§ **Brief**:
Without including the pictures, copy out every line below.

--- Stored data Enclosed Below ---

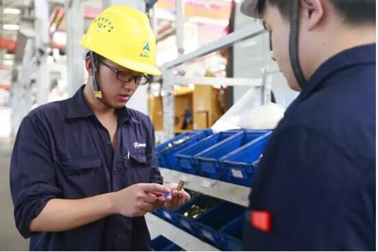 奉俊翔今年剛滿28歲,別看年紀(jì)不大,卻是一個(gè)地地道道的三一“老人”,入司八年以來,奉俊翔已經(jīng)帶出了8名徒弟。如奉俊翔這樣的“80后”技術(shù)骨干在泵車裝配班還有很多,他們已成為技術(shù)培訓(xùn)和傳承“精益制造”的中堅(jiān)力量。每天早會(huì)后,老員工們會(huì)將新人聚在一起,為新人工作中遇到的問題答疑解惑。這種“師帶徒”制度促進(jìn)了年輕工人的成長,也加快了企業(yè)發(fā)展。
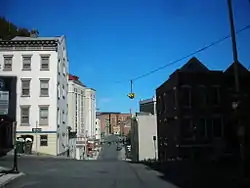 ![]() Chapel Street at the eastern end of the hollow, looking north towards the Palace Theater | |
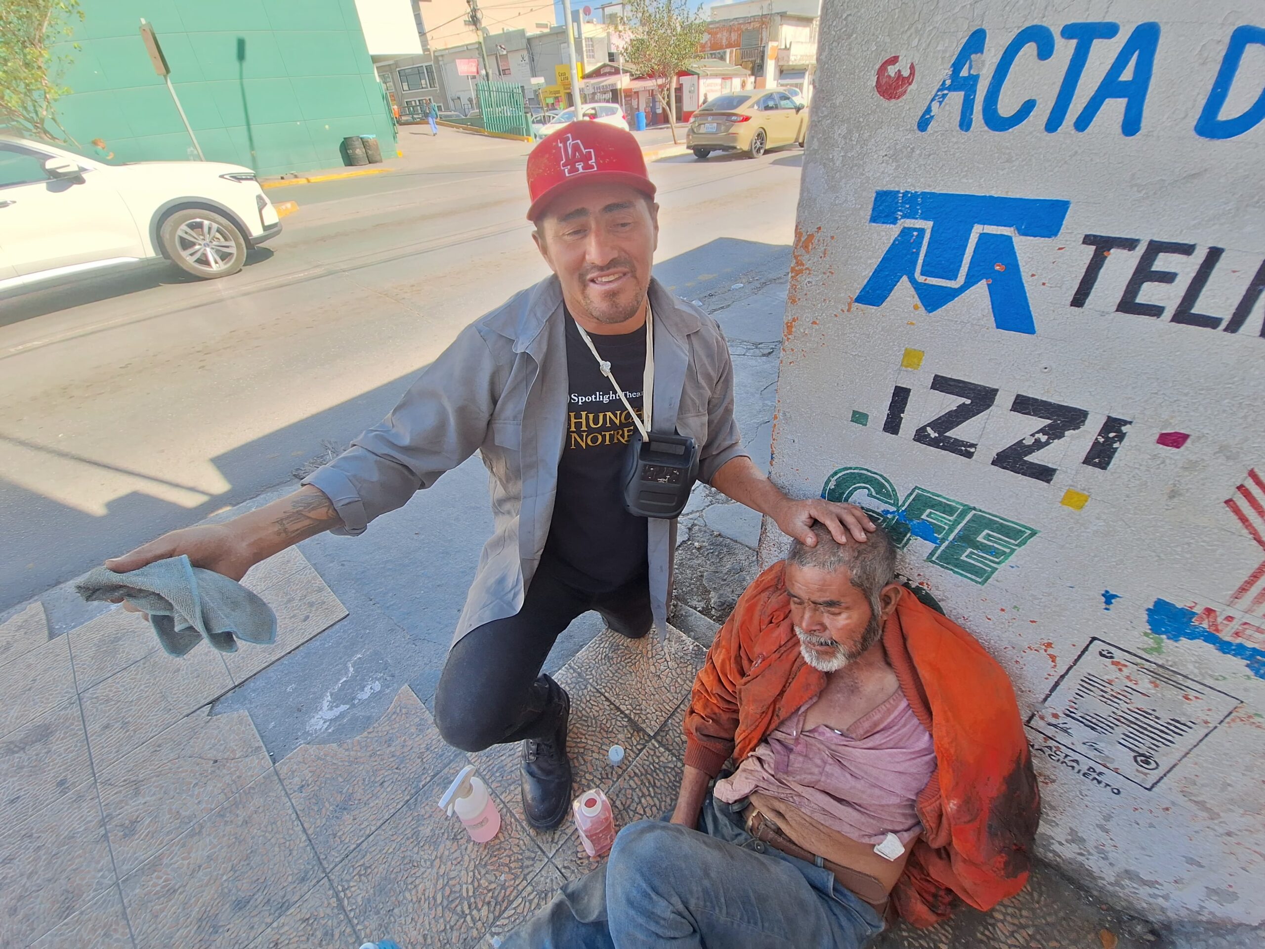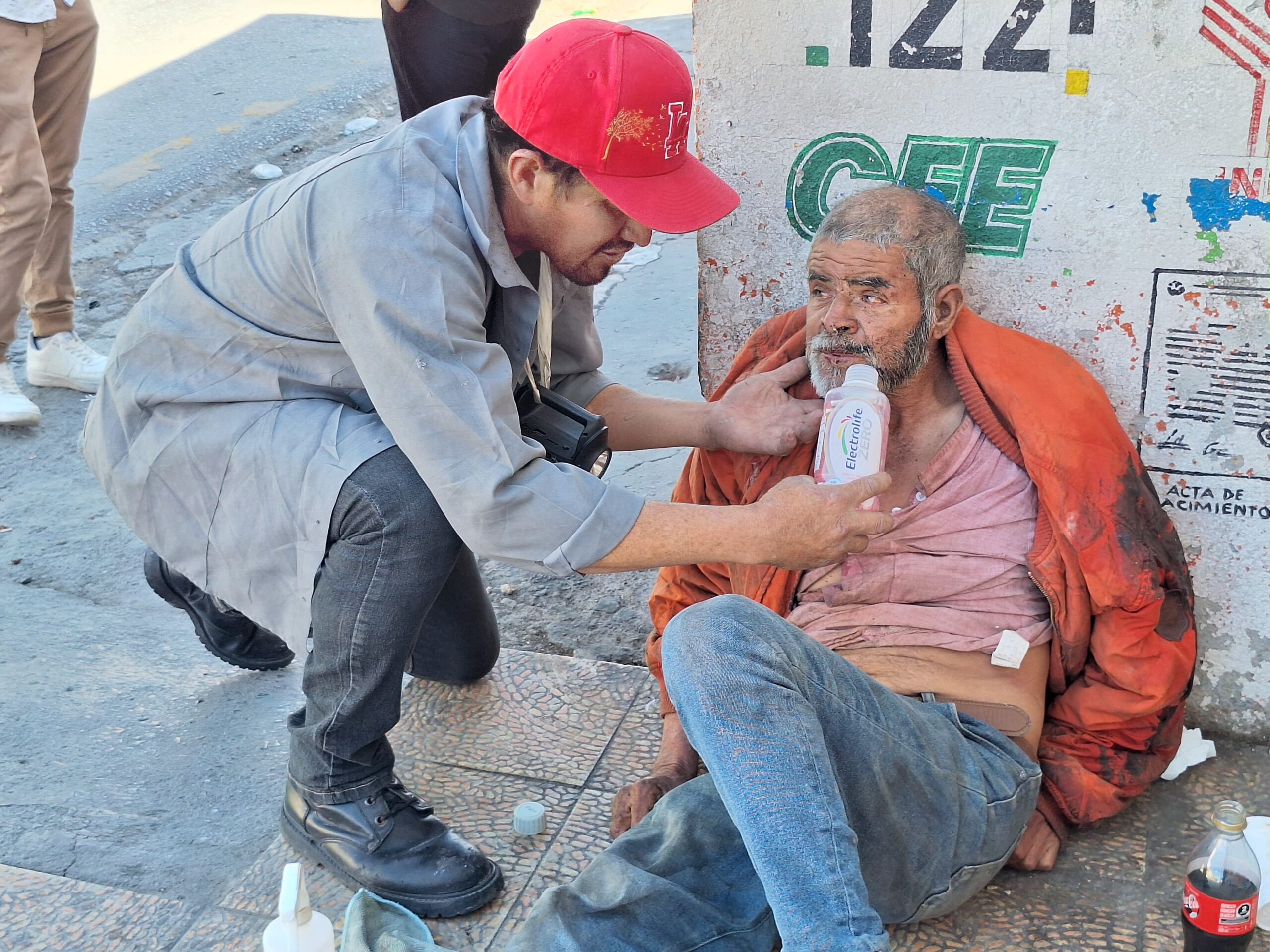 Ante la situación, un hombre que dijo ser paramédico le compró un suero y le realizó curaciones en el rostro. El adulto mayor, identificado como don José, presentaba signos de posible cirrosis y vómito con sangre.

--- End of Enclosed Stored data ---

§ **Written answer**:
 奉俊翔今年剛滿28歲,別看年紀(jì)不大,卻是一個(gè)地地道道的三一“老人”,入司八年以來,奉俊翔已經(jīng)帶出了8名徒弟。如奉俊翔這樣的“80后”技術(shù)骨干在泵車裝配班還有很多,他們已成為技術(shù)培訓(xùn)和傳承“精益制造”的中堅(jiān)力量。每天早會(huì)后,老員工們會(huì)將新人聚在一起,為新人工作中遇到的問題答疑解惑。這種“師帶徒”制度促進(jìn)了年輕工人的成長,也加快了企業(yè)發(fā)展。
 ![]() Chapel Street at the eastern end of the hollow, looking north towards the Palace Theater | |
 Ante la situación, un hombre que dijo ser paramédico le compró un suero y le realizó curaciones en el rostro. El adulto mayor, identificado como don José, presentaba signos de posible cirrosis y vómito con sangre.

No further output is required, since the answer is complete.